- _PROBLEM_
The copy must run from the first line of the entries below through the line containing "Fresenius Medical Care", restated word for word, with pictures left out.

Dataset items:
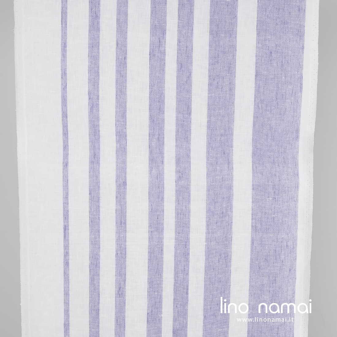 • Lininis audinys violetinėmis ir baltomis juostomis virtuvės rankšluosčiams siūti
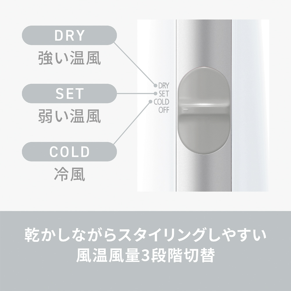 ■<選べる3段階切替で、温風でセットした髪を冷風でキープする、プロのテクニックが簡単に。
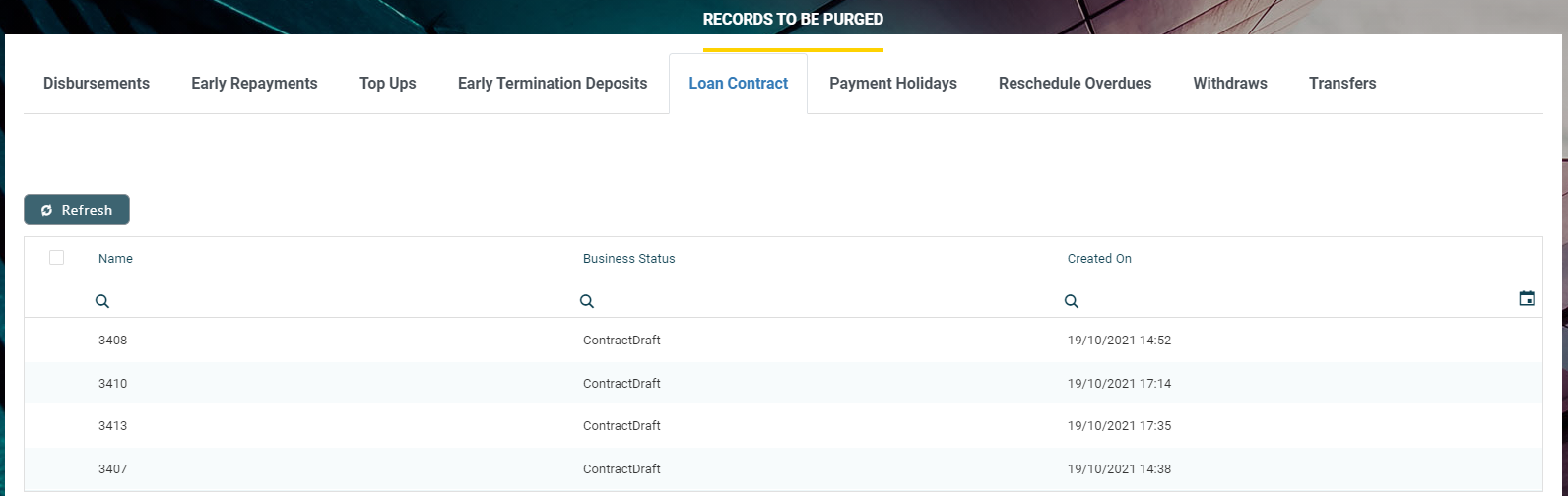 Draftstatus that are scheduled to be deleted at the current day's end, grouped on tabs specific for each transaction type: disbursement, early repayments, top ups, early termination for deposits, loan contracts, payment holidays, reschedule overdue, withdraws and transfers.
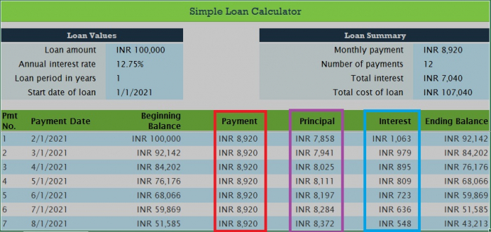 在下面的示例中,觀察分期付款金額如何在整個期限內保持固定,但貸款支付的本金和利息金額在每月之間如何變化。在還款的早期階段,利息部分最大。
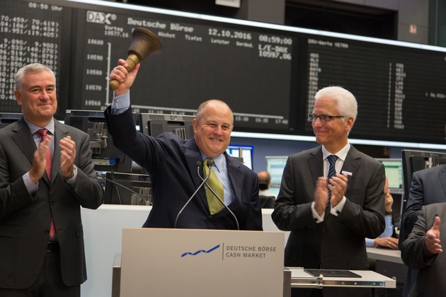 Fresenius Medical Care feiert 20-jähriges Bestehen - CEO Rice Powell läutet Börsenhandel in der Frankfurter Wertpapierbörse ein
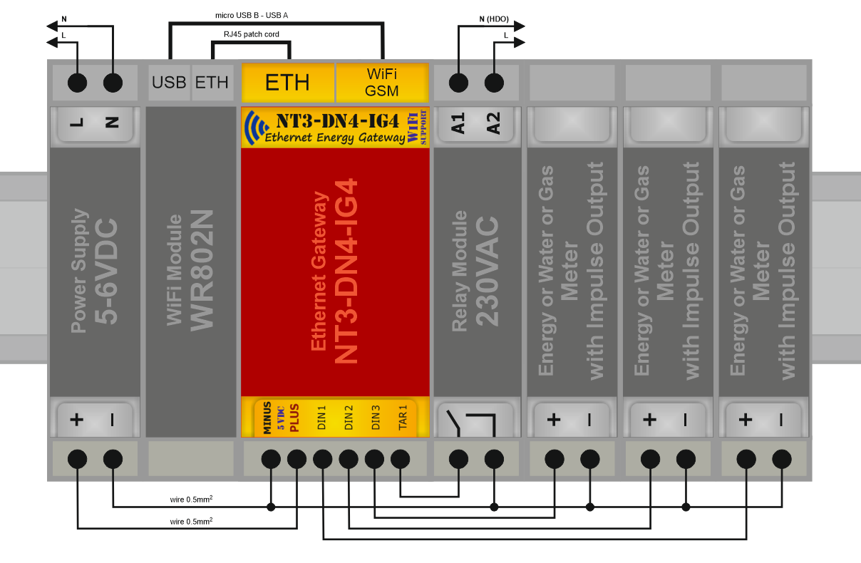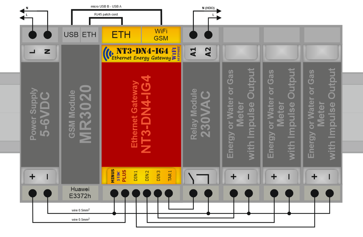 Ethernetová brána NT3-DN4 s WiFi / GSM rozšířením je určena pro připojení senzorů a aktuátorů k SensorFor Cloud serveru. Cloud server zprostředkovává přímé propojení mezi uživatelem a senzory / aktuátory za účelem měření nebo ovládání. Uživatel má tímto způsobem přístup k datům svých senzorů nebo k ovládání svých zařízení prostřednictvím sítě Internet ať se fyzicky nachází kdekoliv. Uživatelem může být samozřejmě jakákoliv jiná autonomní jednotka či systém. Brána NT3-DN4-IG4 v sobě již obsahuje zabudovaný modul 3-kanálového 2-tarifního integrátoru impulsů NT3-IG4.
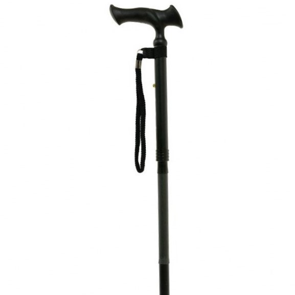 Esta muletilla plegable está fabricada en aluminio. El tubo es de color negro y el puño es ergonómico de tacto suave. Sus características principales son las siguientes:

- _RESPONSE BOX_
 • Lininis audinys violetinėmis ir baltomis juostomis virtuvės rankšluosčiams siūti
 ■<選べる3段階切替で、温風でセットした髪を冷風でキープする、プロのテクニックが簡単に。
 Draftstatus that are scheduled to be deleted at the current day's end, grouped on tabs specific for each transaction type: disbursement, early repayments, top ups, early termination for deposits, loan contracts, payment holidays, reschedule overdue, withdraws and transfers.
 在下面的示例中,觀察分期付款金額如何在整個期限內保持固定,但貸款支付的本金和利息金額在每月之間如何變化。在還款的早期階段,利息部分最大。
 Fresenius Medical Care feiert 20-jähriges Bestehen - CEO Rice Powell läutet Börsenhandel in der Frankfurter Wertpapierbörse ein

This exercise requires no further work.